Exercise description —
Return exactly the lines of the records below, starting at the line that contains "Seleukiden, ANTIOCHOS VII." and ending at the line that contains "Treasure chest with", with both of those lines kept.

Supplied material —
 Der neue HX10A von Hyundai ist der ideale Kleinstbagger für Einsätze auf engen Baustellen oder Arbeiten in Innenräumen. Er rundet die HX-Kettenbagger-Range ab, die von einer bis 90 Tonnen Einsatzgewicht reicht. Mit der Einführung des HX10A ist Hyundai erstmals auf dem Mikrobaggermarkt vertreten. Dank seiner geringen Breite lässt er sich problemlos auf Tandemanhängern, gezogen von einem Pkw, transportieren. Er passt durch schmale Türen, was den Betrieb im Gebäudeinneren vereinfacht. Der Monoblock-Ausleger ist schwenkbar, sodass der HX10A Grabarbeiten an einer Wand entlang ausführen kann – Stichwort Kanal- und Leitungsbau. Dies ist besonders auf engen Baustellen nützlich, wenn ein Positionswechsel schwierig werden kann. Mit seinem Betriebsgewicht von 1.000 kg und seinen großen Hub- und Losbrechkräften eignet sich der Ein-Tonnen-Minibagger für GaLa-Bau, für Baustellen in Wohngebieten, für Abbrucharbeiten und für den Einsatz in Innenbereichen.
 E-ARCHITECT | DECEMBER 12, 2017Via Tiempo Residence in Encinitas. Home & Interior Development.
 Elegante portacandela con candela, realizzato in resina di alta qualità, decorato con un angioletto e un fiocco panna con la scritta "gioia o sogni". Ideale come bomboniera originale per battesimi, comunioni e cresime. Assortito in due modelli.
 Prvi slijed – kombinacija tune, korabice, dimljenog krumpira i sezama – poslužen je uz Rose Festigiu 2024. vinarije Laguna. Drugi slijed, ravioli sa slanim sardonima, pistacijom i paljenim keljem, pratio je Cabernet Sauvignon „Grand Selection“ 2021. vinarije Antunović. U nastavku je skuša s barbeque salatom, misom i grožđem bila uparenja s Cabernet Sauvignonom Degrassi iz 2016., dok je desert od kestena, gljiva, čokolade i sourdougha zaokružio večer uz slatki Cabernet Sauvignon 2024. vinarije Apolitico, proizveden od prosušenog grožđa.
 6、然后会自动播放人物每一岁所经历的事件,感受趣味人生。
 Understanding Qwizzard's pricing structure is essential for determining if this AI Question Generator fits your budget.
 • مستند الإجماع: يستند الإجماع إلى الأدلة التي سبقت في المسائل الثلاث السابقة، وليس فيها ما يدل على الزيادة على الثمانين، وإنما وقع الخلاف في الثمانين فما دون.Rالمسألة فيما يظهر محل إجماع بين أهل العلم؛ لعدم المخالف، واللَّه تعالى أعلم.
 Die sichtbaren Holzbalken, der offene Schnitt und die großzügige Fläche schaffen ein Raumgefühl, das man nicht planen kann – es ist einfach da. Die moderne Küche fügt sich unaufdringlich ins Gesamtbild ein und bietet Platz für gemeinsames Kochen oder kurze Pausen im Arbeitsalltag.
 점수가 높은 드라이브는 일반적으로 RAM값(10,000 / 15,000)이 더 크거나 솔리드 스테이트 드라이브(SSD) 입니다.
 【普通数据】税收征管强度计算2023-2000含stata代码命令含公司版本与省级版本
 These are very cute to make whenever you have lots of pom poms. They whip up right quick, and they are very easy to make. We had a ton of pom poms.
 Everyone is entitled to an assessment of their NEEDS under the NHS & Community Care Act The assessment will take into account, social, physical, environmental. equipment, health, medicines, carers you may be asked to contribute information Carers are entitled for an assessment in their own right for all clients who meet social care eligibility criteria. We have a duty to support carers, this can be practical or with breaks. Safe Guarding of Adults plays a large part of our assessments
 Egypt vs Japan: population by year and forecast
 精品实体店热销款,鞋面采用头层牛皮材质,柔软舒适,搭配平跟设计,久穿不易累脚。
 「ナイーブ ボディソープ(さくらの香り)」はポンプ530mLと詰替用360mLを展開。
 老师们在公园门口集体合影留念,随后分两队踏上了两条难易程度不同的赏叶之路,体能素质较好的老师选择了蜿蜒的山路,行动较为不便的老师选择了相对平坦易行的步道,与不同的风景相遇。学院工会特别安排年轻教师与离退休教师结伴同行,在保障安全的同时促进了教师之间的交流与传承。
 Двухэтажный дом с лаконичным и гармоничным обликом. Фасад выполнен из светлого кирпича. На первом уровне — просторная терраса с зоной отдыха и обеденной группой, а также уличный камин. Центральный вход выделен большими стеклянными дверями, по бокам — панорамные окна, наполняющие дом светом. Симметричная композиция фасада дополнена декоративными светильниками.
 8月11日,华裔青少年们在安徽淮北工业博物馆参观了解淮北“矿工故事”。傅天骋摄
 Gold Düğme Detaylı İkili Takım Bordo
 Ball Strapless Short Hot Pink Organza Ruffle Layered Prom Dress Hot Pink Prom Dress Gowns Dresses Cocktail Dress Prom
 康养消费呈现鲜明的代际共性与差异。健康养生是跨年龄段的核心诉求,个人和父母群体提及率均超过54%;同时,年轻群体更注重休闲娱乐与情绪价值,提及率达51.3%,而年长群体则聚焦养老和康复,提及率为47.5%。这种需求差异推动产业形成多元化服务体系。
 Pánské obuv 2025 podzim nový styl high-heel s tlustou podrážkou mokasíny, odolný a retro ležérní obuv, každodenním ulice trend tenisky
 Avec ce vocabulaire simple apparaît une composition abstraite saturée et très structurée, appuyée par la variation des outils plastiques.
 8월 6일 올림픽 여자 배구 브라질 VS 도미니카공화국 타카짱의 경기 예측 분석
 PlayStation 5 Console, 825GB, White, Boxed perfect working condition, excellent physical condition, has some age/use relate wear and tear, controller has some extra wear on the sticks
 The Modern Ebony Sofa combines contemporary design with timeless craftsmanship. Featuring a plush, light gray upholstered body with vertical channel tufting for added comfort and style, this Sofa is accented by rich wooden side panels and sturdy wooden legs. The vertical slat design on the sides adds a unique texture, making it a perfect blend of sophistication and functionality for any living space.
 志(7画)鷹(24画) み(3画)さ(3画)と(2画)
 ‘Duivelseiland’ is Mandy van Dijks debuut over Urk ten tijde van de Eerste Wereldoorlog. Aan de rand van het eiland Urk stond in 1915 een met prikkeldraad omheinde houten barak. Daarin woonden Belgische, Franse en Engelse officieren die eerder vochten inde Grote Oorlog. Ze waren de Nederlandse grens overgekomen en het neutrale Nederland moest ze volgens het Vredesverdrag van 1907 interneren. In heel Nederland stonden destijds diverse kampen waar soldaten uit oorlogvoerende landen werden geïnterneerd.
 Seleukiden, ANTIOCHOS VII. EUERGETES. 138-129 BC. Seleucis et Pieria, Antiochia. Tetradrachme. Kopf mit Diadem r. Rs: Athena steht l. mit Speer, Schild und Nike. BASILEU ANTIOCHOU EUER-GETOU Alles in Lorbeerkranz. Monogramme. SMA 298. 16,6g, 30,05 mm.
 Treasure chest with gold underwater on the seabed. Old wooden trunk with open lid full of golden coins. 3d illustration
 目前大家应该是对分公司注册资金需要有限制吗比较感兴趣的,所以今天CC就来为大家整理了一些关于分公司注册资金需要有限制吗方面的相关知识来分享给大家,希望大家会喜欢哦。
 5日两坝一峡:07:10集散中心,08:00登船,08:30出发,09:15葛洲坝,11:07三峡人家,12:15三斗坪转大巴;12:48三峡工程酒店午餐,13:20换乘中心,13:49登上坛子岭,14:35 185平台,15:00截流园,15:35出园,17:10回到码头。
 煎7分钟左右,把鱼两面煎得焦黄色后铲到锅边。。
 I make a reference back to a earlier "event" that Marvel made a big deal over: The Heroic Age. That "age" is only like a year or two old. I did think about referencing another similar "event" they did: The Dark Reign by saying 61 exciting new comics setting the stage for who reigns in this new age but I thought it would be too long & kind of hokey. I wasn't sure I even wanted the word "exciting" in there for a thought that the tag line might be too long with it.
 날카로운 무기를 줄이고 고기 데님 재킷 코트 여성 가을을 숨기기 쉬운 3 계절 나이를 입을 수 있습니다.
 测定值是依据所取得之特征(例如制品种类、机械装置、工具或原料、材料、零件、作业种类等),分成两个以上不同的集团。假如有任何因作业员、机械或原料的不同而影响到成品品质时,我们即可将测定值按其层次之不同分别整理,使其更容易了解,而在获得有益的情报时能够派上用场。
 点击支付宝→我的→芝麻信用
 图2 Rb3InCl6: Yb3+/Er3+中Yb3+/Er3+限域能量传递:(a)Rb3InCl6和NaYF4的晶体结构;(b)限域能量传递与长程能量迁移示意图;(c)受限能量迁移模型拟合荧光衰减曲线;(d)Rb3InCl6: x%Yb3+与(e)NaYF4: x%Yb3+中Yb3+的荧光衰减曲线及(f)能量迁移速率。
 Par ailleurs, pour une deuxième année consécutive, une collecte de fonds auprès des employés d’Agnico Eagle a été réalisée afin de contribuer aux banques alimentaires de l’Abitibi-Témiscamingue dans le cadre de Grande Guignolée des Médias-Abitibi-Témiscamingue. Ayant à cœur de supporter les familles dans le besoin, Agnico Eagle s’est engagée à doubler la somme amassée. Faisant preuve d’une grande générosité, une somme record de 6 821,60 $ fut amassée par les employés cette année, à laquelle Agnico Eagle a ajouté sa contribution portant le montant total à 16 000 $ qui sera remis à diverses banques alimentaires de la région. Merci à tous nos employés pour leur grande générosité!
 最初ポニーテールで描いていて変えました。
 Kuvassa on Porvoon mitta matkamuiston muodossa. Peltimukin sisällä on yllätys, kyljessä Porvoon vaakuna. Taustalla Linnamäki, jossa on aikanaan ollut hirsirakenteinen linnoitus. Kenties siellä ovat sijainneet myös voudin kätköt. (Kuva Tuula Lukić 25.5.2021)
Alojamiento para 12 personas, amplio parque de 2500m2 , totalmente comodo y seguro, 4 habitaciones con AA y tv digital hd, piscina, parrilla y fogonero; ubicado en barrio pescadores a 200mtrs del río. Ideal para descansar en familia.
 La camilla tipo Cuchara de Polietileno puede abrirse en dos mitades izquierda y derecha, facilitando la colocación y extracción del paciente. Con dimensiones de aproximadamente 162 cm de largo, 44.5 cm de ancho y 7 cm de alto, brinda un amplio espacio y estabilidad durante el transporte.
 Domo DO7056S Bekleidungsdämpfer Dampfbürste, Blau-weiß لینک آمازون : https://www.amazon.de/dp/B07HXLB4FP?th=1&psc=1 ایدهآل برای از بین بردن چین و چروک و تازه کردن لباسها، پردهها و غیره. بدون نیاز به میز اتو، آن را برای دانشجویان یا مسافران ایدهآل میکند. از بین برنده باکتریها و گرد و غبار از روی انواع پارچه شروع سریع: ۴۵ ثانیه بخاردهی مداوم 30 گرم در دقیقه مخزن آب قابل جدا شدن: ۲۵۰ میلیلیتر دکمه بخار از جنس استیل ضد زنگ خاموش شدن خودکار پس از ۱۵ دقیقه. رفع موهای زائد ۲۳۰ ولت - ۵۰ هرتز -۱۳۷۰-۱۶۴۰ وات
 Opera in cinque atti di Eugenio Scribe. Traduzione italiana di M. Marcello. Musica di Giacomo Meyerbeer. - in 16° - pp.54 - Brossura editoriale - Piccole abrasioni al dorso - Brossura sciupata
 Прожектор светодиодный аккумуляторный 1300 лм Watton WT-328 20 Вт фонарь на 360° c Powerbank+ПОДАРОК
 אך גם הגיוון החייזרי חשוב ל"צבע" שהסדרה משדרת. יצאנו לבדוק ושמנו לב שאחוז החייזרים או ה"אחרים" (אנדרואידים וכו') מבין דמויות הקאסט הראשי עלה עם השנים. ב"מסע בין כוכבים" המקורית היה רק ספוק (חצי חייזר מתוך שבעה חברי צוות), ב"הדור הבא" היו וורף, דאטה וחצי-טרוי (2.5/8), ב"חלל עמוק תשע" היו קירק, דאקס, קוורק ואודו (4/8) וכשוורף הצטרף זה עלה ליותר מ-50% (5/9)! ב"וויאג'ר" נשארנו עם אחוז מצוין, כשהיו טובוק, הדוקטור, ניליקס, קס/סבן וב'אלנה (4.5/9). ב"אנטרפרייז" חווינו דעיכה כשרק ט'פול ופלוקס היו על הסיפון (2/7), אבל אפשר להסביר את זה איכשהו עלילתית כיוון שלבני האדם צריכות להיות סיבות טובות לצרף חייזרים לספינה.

Response —
 Seleukiden, ANTIOCHOS VII. EUERGETES. 138-129 BC. Seleucis et Pieria, Antiochia. Tetradrachme. Kopf mit Diadem r. Rs: Athena steht l. mit Speer, Schild und Nike. BASILEU ANTIOCHOU EUER-GETOU Alles in Lorbeerkranz. Monogramme. SMA 298. 16,6g, 30,05 mm.
 Treasure chest with gold underwater on the seabed. Old wooden trunk with open lid full of golden coins. 3d illustration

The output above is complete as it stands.